→ What the task requires
In the listing below, locate the line containing "市場監(jiān)管總局關(guān)于" and copy it and every line after it through the end, exactly as written, leaving out any pictures.

→ Data below
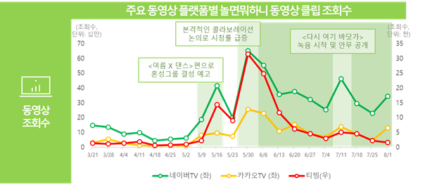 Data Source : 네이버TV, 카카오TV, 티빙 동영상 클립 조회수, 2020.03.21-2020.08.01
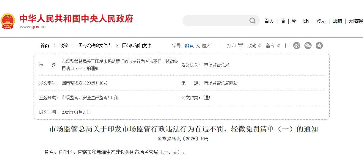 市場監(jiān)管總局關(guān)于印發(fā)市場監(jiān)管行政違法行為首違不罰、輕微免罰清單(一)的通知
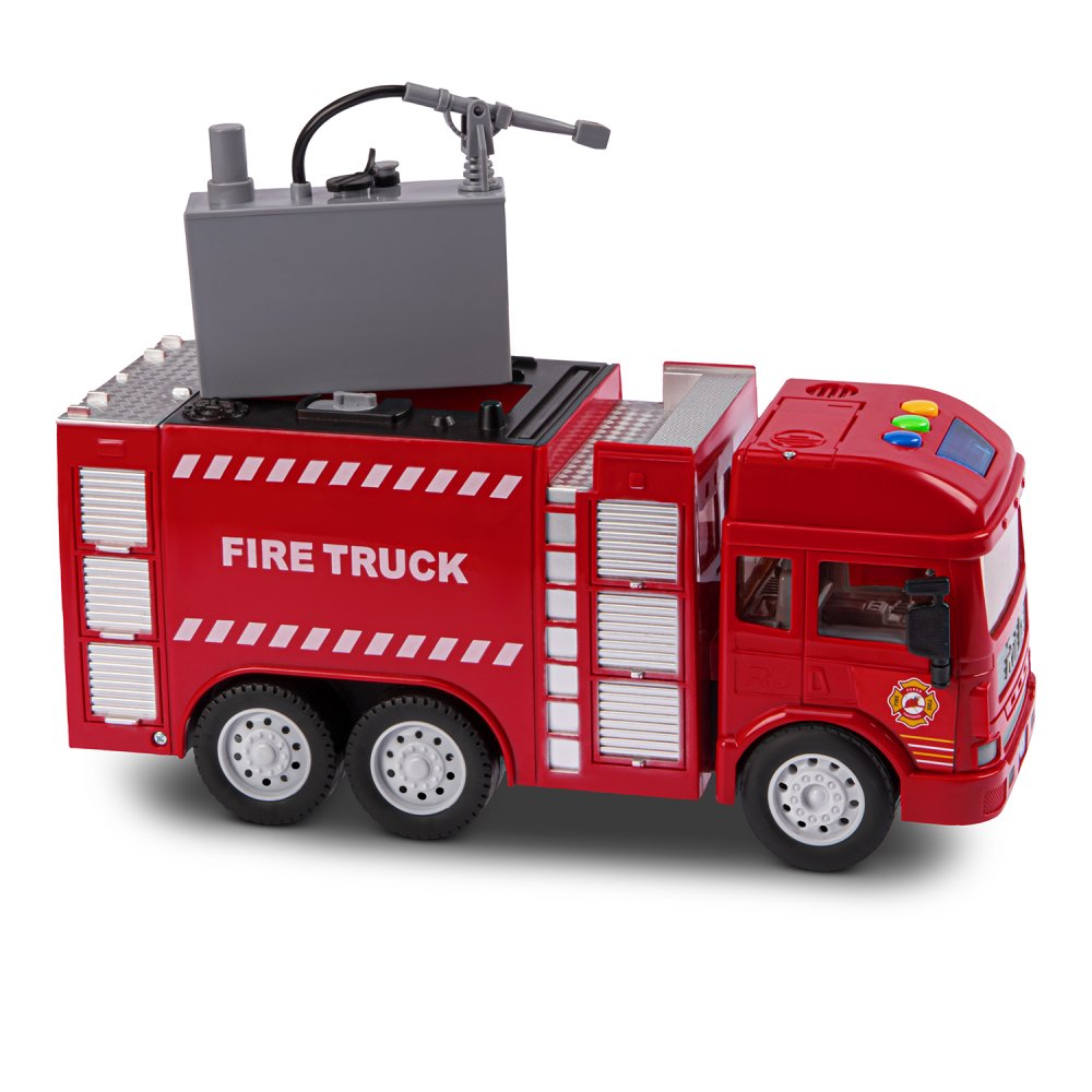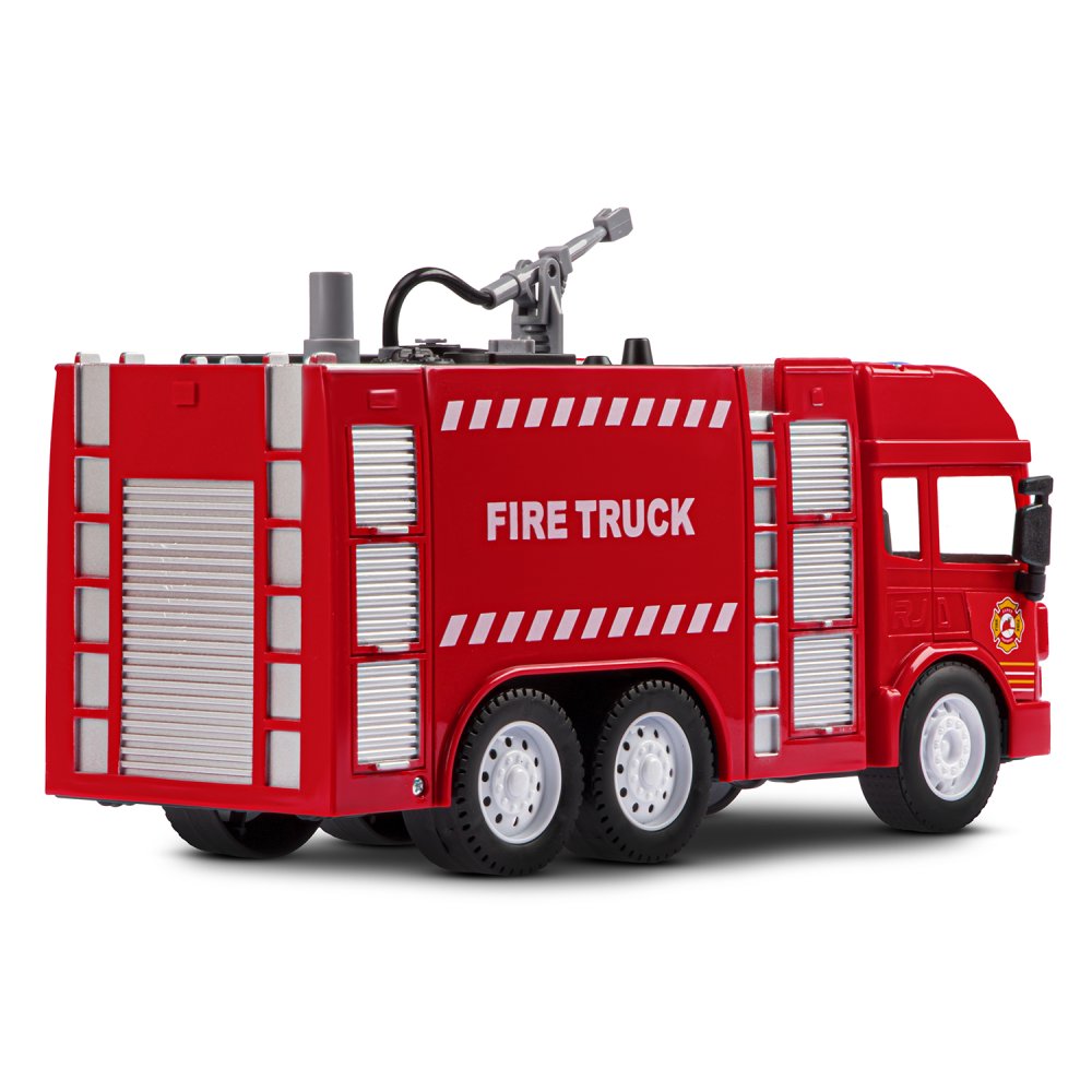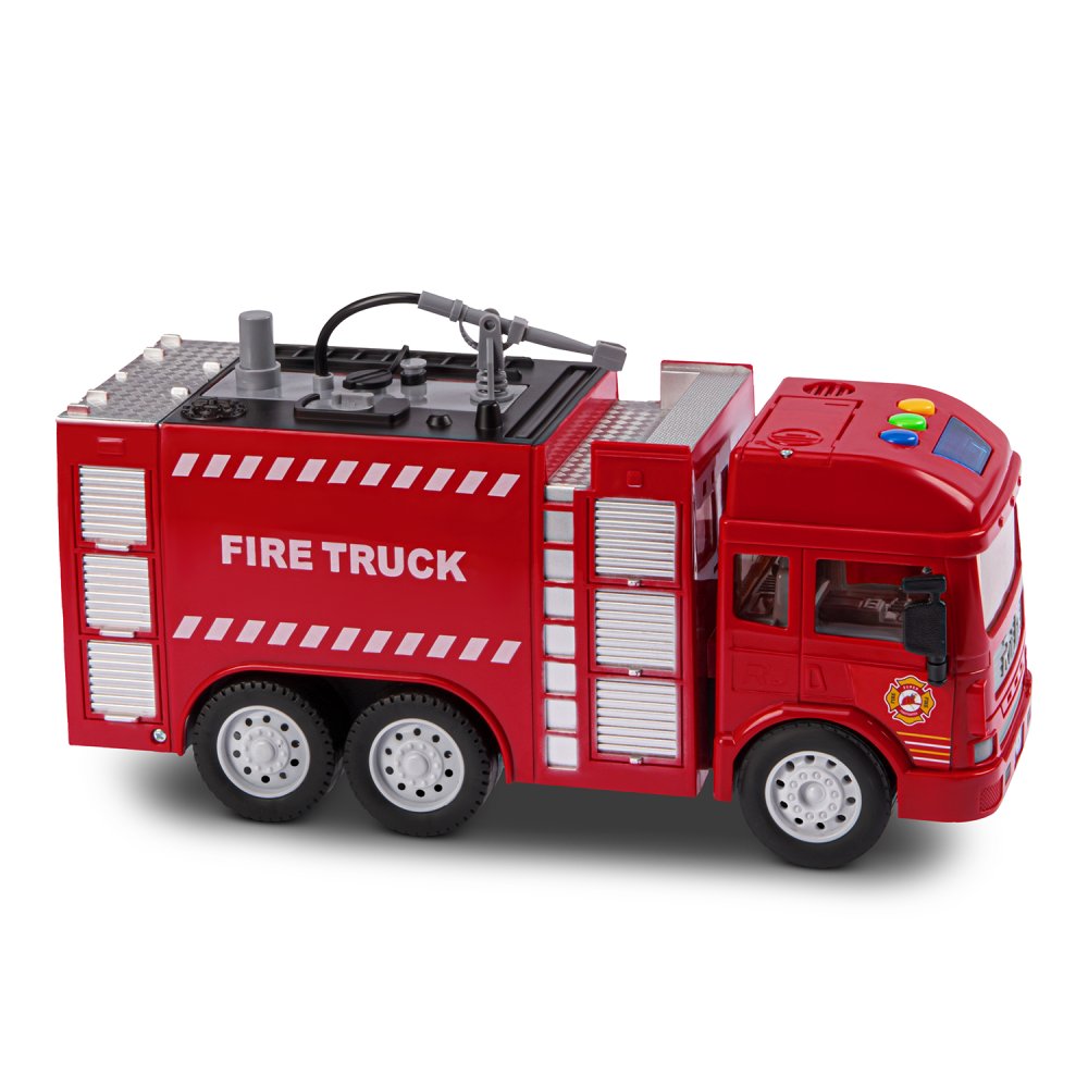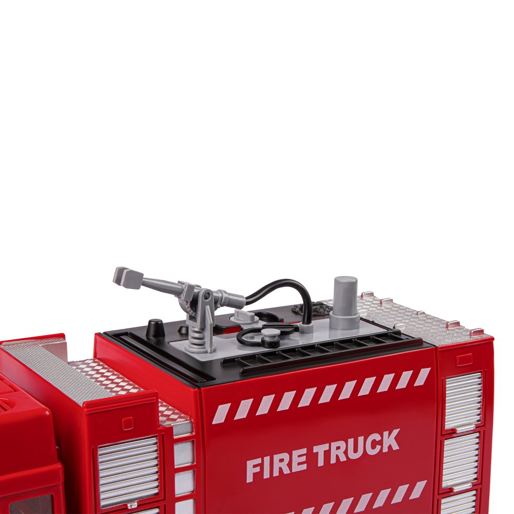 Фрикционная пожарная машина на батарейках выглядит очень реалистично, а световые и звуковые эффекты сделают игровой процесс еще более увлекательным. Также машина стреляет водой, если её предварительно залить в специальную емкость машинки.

→ Response area
 市場監(jiān)管總局關(guān)于印發(fā)市場監(jiān)管行政違法行為首違不罰、輕微免罰清單(一)的通知
 Фрикционная пожарная машина на батарейках выглядит очень реалистично, а световые и звуковые эффекты сделают игровой процесс еще более увлекательным. Также машина стреляет водой, если её предварительно залить в специальную емкость машинки.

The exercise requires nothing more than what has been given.